The federal government might like to cast an eye over the EU attempt to boost Europe’s wave and tidal power technologies. The politicians there have an ambition for $US11.3 billion worth of investment and 3,600 MW of capacity by 2020.

The technologies, to quote Britain’s Carbon Trust, “need government financing help to reach commercial scale and then subsidies to grow to be cost efficient.”

Now the Trust is conceding that, at most, because of pressures on Europe’s government and investor budgets as a result of the GFC and development costs that are far higher than initial optimistic predictions, wave and tidal generation will be lucky to reach a few hundred megawatts at the end of the decade.

The Trust says that wave energy needs more than four times as much income per unit of energy than nuclear or offshore wind generation to break even and tidal energy about three times as much.

One of the biggest targets for the technologies is Portugal – but they would need about $US4 billion to $US5 billion in subsidies by Lisbon to achieve 3,000 MW of capacity by 2020. The cash-strapped Portuguese are in no position to oblige.

Meanwhile, the cost to British consumers of the subsidy for renewable energy has doubled in five years and the (additional) feed-in tariff costs will treble in the next three years. The number of British customers having trouble paying their power bills has trebled in recent years, too.
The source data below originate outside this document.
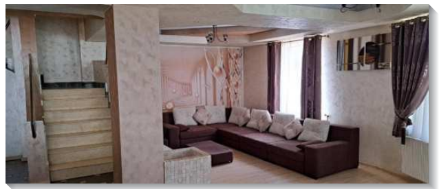
▲羅馬尼亞布加勒斯特購置新會所

為著購買會所的展望和用途，在已過的兩年裏，弟兄們看過了八十多處房產，經過多方的禱告尋求和尋找，找到一處合適的地點，地上三層獨立住宅（不計地下室），室內面積為一百〇四坪。最大的一層是三十五坪，土地面積為一百八十五坪，位於布加勒斯特第四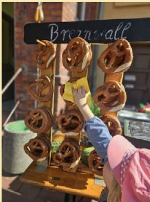
Foto: Leckere Brezeln vom Breznwall

Strahlender Sonnenschein, fröhliches Kinderlachen und der Duft von frisch gebackenem Kuchen. So präsentierte sich am Freitag, den 19.09. das diesjährige Herbstfest an der Luisenschule Wörlitz. Dank der tatkräftigen Unterstützung zahlreicher Helferinnen und Helfer sowie großzügiger Sponsoren wurde die Veranstaltung zu einem unvergesslichen Erlebnis für Groß und Klein.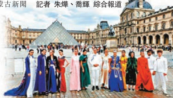
外國模特穿著內蒙古服飾在盧浮宮前合影。

將傳統蒙古族服飾的設計理念和基本元素呈現在觀眾眼前。在內蒙古鑲黃旗珠拉的作品中,則能看到兼具傳承與時尚的民族現代生活裝。■香港文匯報記者 朱燁、喬輝 綜合報導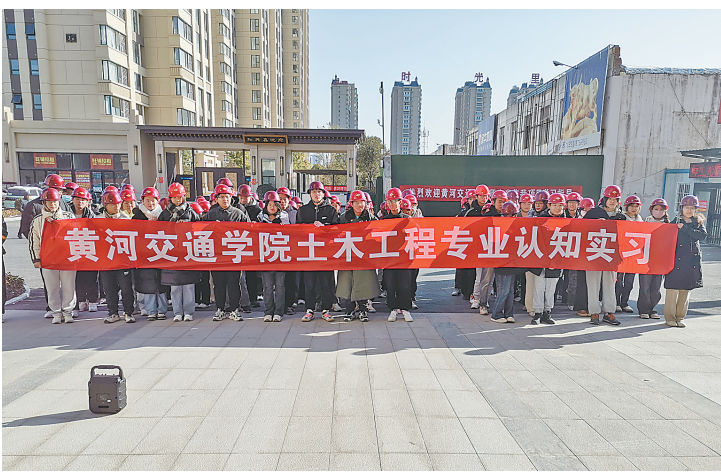
黄河交通学院土木工程专业学生在和兴鑫悦府项目参观学习。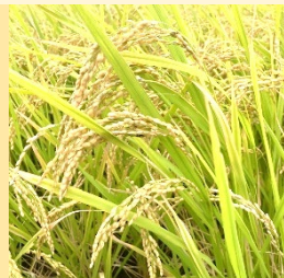
さつまいも(紅はるか、シルクスイートなど)、新米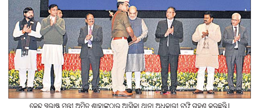
କେନ୍ଦ୍ର ସ୍ୱରାଷ୍ଟ୍ର ମନ୍ତ୍ରୀ ଅମିତ ଶାହାଙ୍କଠାରୁ ଆସିବା ଥାନା ଅଧିକାରୀ ଚୁଫି ଗ୍ରହଣ କରୁଛନ୍ତି।

ପରିବର୍ତ୍ତନ ଏବଂ ସମାପ୍ତତା ମଧ୍ୟରେ କାର୍ଯ୍ୟ ସମ୍ପାଦନ ଭଳି ୧୬୫ଟି ବିଷୟ ଆଧାରରେ ଉତ୍ତମ ପ୍ରଦର୍ଶନ କରି ଆସିବା ଥାନା ସମ୍ପର୍କୀୟ ହାସଲ କରିଥିଲା। ଯାହାକି ସର୍ବ ଭାରତୀୟ ସ୍ତରରେ ଓଡ଼ିଶା ପୋଲିସ ପାଇଁ ଏହା ପ୍ରଥମ ବୋଲି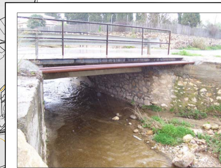
AMPLIACION DE ESTRUCTURA (CAMINO GANDIA)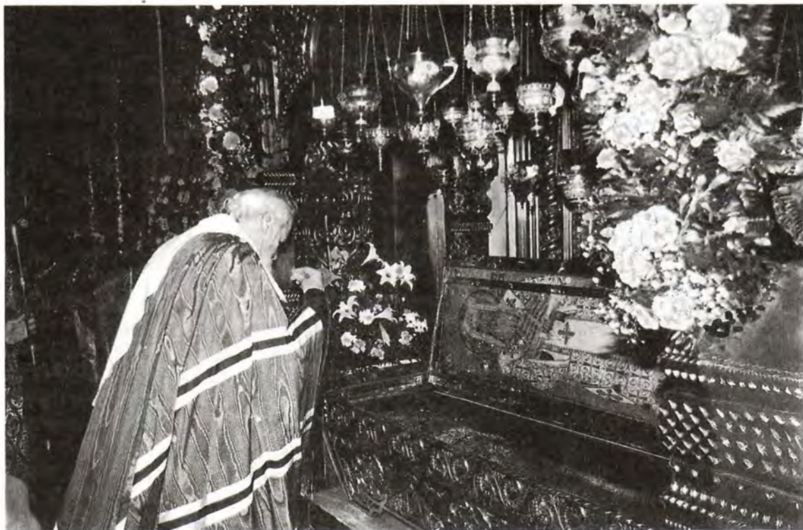
Святейший Патриарх Алексий у мощей своего Небесного покровителя – святителя Московского Алексия

который говорит: Дни лет наших в нихже семьдесят лет, аще же в силах, осмьдесят лет, и множае их труд и болезнь (Пс. 89, 10). Сколько даст мне Господь сил нести мое служение, ведомо Ему Единому. Но, укрепляемый любовью и молитвами архипастырей и пастырей, всего народа Божия, который постоянно проявляет свою любовь, свою поддержку, свое понимание трудностей нашего служения, верю, что, сколько бы Господь ни дал мне и каждому из нас совершать наше служение, мы будем совершать его во славу Божию, на благо Отечество нашего, на благо Святой Церкви,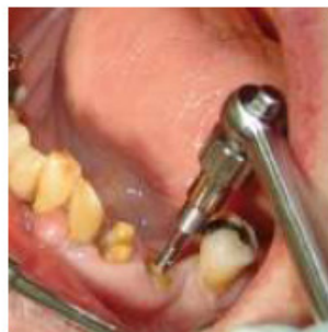
PASSO 2 Inserção do extrator de raiz com o auxílio de carraca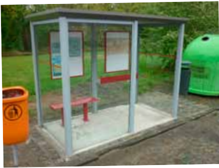
Remplacement de l'abribus vétuste Rue Haute Franchise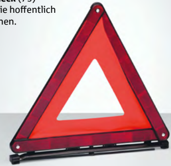
Warndreieck (79) Werden Sie hoffentlich nie brauchen.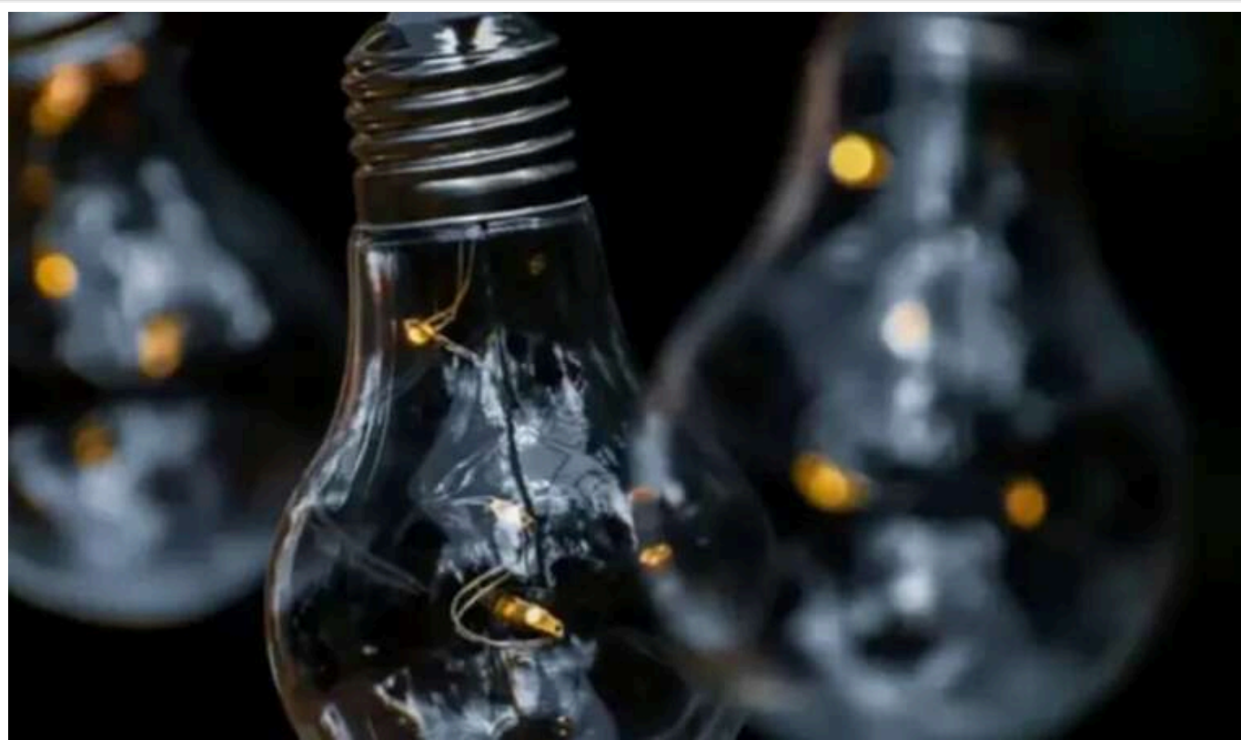
Укренерго оприлюднило інформацію щодо графіків відключень світла

На території всієї України 19 листопада буде запроваджено графіки відключення електроенергії – з 6:00 до 23:00. Однак, припинять подачу електроенергії не всім одразу: відключення будуть здійснюватися по чергах. Найбільш складні періоди прогнозуються з 7:00 до 9:00 та з 14:00 до 18:00 – тоді будуть відключені відразу дві черги.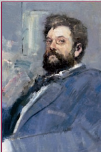
© Benjamin Chai nach Edouard Manet

Jeder Band enthält eine Einleitung des wissenschaftlichen Herausgebers, das Libretto, die Partitur, den kritischen Bericht und gegebenenfalls Anhänge. Damit schafft der Bärenreiter-Verlag die Basis, um das Repertoire gemäß den heutigen Ansprüchen in seiner Vielfalt den Theatern wieder zugänglich zu machen. Mit der Reihe L'Opéra français darf sich die Musikwelt auf die Entdeckung ungeahnter Schätze freuen!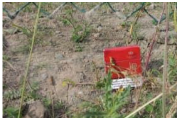
Abbildung 20: Maschendrahtzäune ohne Bodenschluss heben die Schafe mit dem Kopf an und unterkriechen diesen (insbesondere Lämmer und kleine Rassen).

Als Lösung bietet es sich an, eine stromführende Litze zu ziehen (vgl. Abbildung 21): 20 cm über dem Boden und mit 20 cm Abstand zum Zaun (innen gegen das Ausbrechen der Schafe, außen vor allem in Wolfsgebieten gegen das Eindringen von Beutegreifern). Die Litze muss jedoch regelmäßig freigeschnitten werden. Bei Einzäunungen aus Maschendraht sollte diese Litze auch angebracht werden, wenn der Bodenschluss gegeben ist, damit die Tiere den Zaun nicht anheben und darunter durchschlüpfen sowie langfristig beschädigen. In diesem Fall müsste der Schäfer für den Schaden am Zaun aufkommen (REBITZER 2010). Teilweise werden Netze auch zerschnitten, vor dem Außenzaun angebracht und einwachsen gelassen (Zaunschürze). So können die Schafe nicht ausbrechen und ein Freischneiden ist unnötig (KIEMER 2016, vgl. Abbildung 22).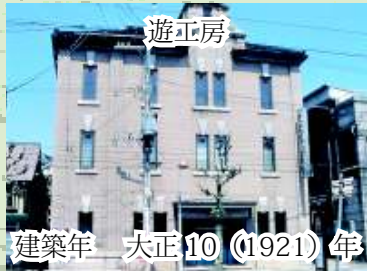
遊工房 建築年 大正10 (1921) 年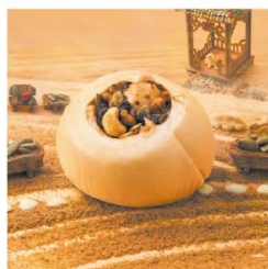
子游 核桃堅果饅頭 (微糖)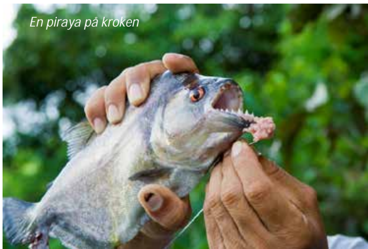
En piraya på kroken

Efter frukost ger vi oss ut tillsammans med en kunnig guide för att utforska regnskogen. Det som många reagerar över vid sitt första besök i regnskogen är att man ser relativt lite djur, men i gengäld hör desto mer! Djungeln är aldrig tyst, när vrålapor och trädgrodor tystnar för dagen, tar cikador och nattens djur över. Om vi har tur och går tyst har vi ändå goda chanser att se många av de djur som lever i djungeln, framför allt fåglar och apor. Efter lunch på lodgen, varefter vi har ett par timmar ledig tid för vila, åker vi ut på en fisketur på floden. Guiden kommer att lära oss mer om den enorma mångfalden av fisk och även själva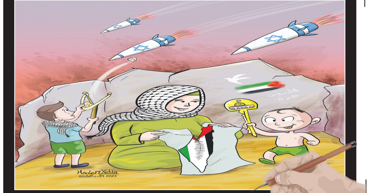
کاریکاتور است: هادر بهلا - مصر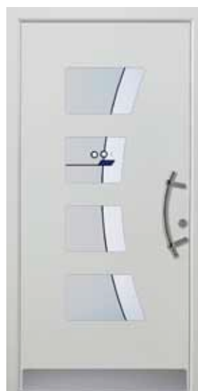
PL-L0B (M735), Motivglas MSBL, Griff HS30 – KR17, Rahmen HM735, Edelstahlsockel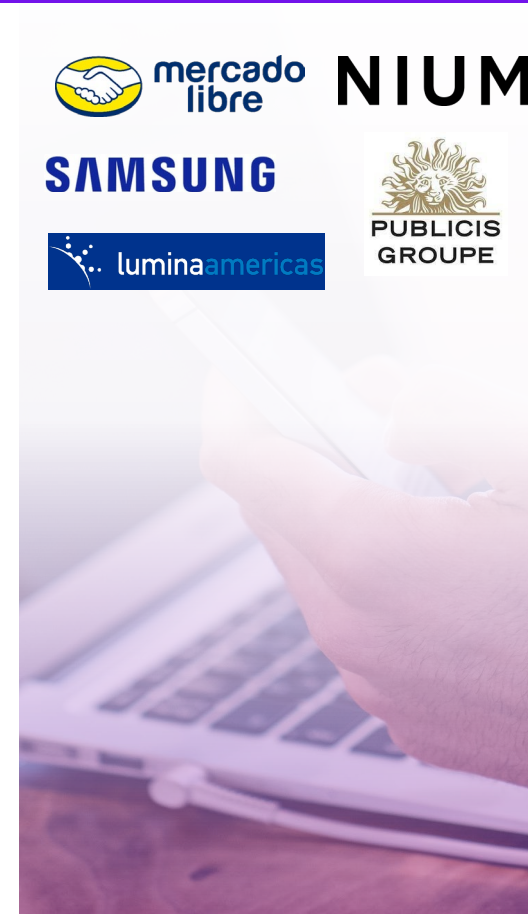
TECHNOLOGY, MEDIA & TELECOM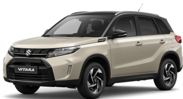
Savanna Ivory / Cosmic Black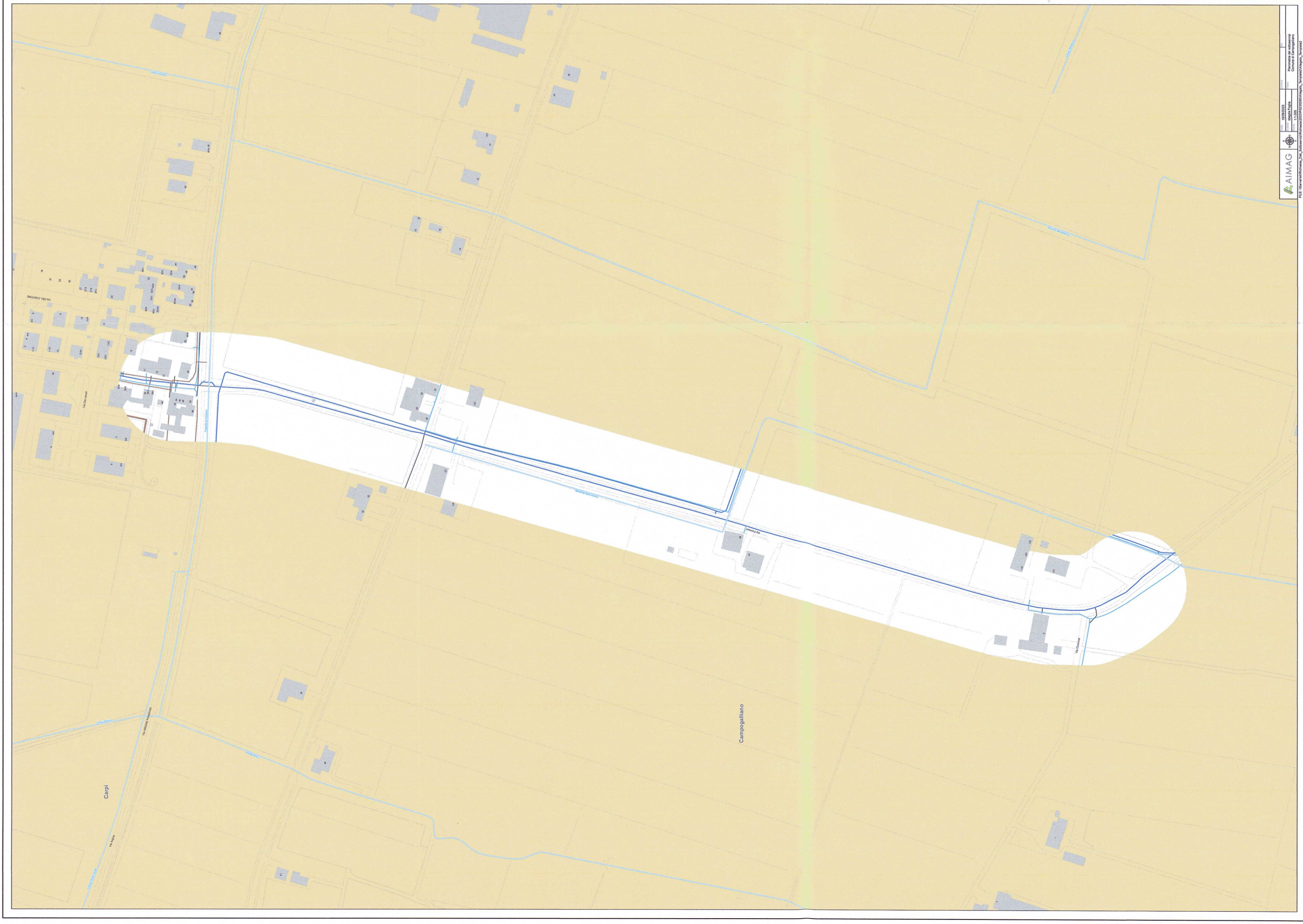
VIA FORNACE - Tracciato sottoservizi Aimag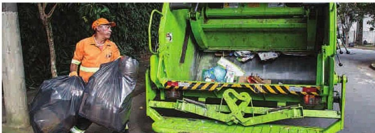
Caminhões da coleta seletiva atendem 84 distritos da capital paulista. Só no primeiro semestre deste ano foram 40,8 mil toneladas de lixo reciclável recolhidos na cidade de São Paulo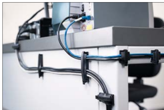
solution parfaite pour router des câbles le long d'un bureau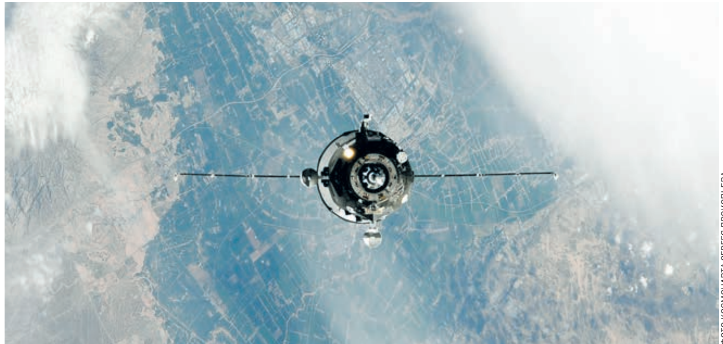
ФОТО КОСМОНАВТА СЕРГЕЯ ПРОКОПЬЕВА

А пока налицо явная нестыковка планов создания нового перспективного корабля и необходимой для его запуска ракеты. Как это получилось – отдельная история. Сейчас важно осознать, что на лунном направлении у российской космонавтики, если не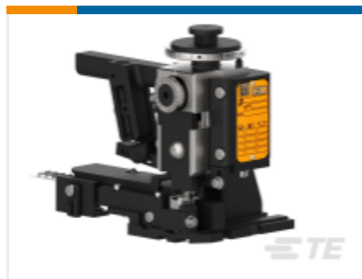
TE 产品编号 2266813-1 OCEAN_2.0_Applicator-S-055F062F-RSM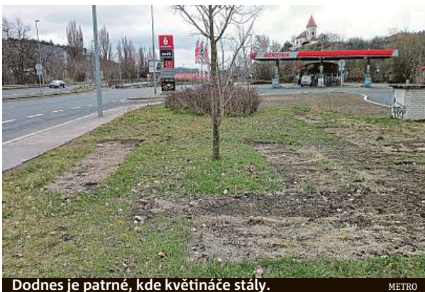
Dodnes je patrné, kde květináče stály.

Praha 5 se dlouhou dobu květináčů nemohla zbavit, protože na projekt získala evropskou dotaci. Ta byla vážná takzvanou udržitelností, což je doba, po kterou musí příjemce evropských dotací udržet výsledky projektu, po-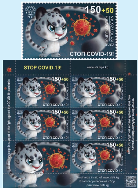
圖 130~ 圖 131

犬種之一，生活在阿拉斯加沿海地區，可以在極端天氣條件下生存；秋田犬是源自日本的犬種，起源於本州的秋田縣，在日本，秋田犬是具有國家歷史文物意義的犬，日本人將秋田犬視為日本的國寶。小全張邊紙位置展示了一隻坐立的德國牧羊犬的圖案。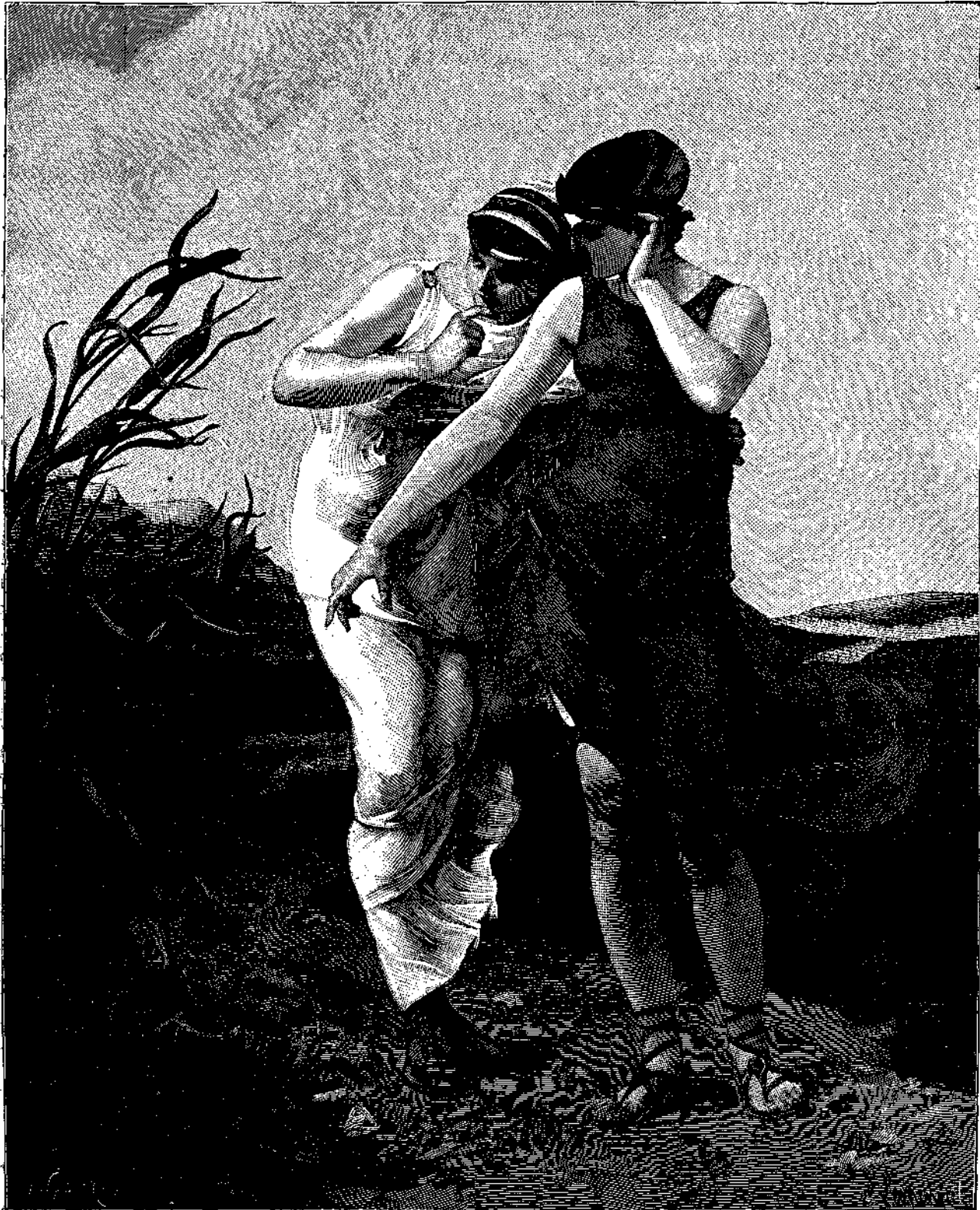
Ο ΘΡΥΛΛΟΣ ΤΩΝ ΚΑΛΑΜΩΝ

Περὶ ἰδρύσεως ἐν Ἑλλάδι Γεωγραφικῶν Ἑταιρειῶν. Σκοποὶ πολιτικοί. Συνέντευξις μετὰ τοῦ κ. Φλέγελ. Ἡ ἐν τῷ Βαρβακίῳ ἡμετέρα ὁμιλία, ὑπὸ Δ. Ι. Κ. — Οἱ ἀντίπυγοι, Ρόζα - Ψωϊάδα. Ἐπιστημονικὴ ἀνακοίνωσις, ὑπὸ Φρέκ. — Ὁ Μεσημβρινὸς Ἄστηρ ἢ ἡ Γῆ τῶν ἀδαμάντων (Μυθιστορία Ἰουλίου Βέρν), μετάφρασις Δ. Ι. Κ. — Αἱ συνωνυμίαι τοῦ θνήσκειν, ὑπὸ Ροῦ. — Ἀνέκδοτα τῆς πολυκλαύτου βασιλοπούδος Ἀλεξάνδρας, ὑπὸ Χ. Η. — Ὁ θρύλλος τῶν καλάμων, ὑπὸ Δφ. — Διάλεξις Φλέγελ. — Ἐπιστημονικὸν παίγνιον: Ἡ ἐκπυροκρότησις, ὑπὸ Φ. Π. — Αἰνίγματα. — Δύσεις. — Ἀνταποκρίσεις. — Ἀγγελίαι.

Perhaps most seriously in the longer term for the EU, the huge splurge on subsidised renewable energy is shrinking the contestable wholesale power market and with it the incentive for investors to build gas power with its uncertain returns rather than just ride along on the gravy train.

The implications for consumer power bills down the track are not minor.

A further very interesting statistic (to me) is an estimate by the European Network of Transmission System Operators that $US137 billion will be needed to add 48,000 kilometres of high-voltage lines to meet the EU target for 20 per cent renewable energy in 2020.

Here in Australia we now have a number of independent reports castigating governments for embarking on energy schemes in pursuit of green votes without adequate cost-benefit analysis or exit strategies for situations that go bad (like the NSW “solar bonus scheme”.)

As the surprisingly acerbic ABC “7.30 Report” feature (the transcript is up on their website under the heading “Clean energy finance faces a murky future”)
comments, the “hastily hatched” Clean Energy Finance Corporation has yet to demonstrate whether it is “a recipe for success or just a half-baked scheme.”

Greg Combet wouldn’t come on air to discuss the issue but volunteered through one of his staff that the CEFC will “maximise the long-term benefits of a clean energy economy, overcome market failures and drive innovation.”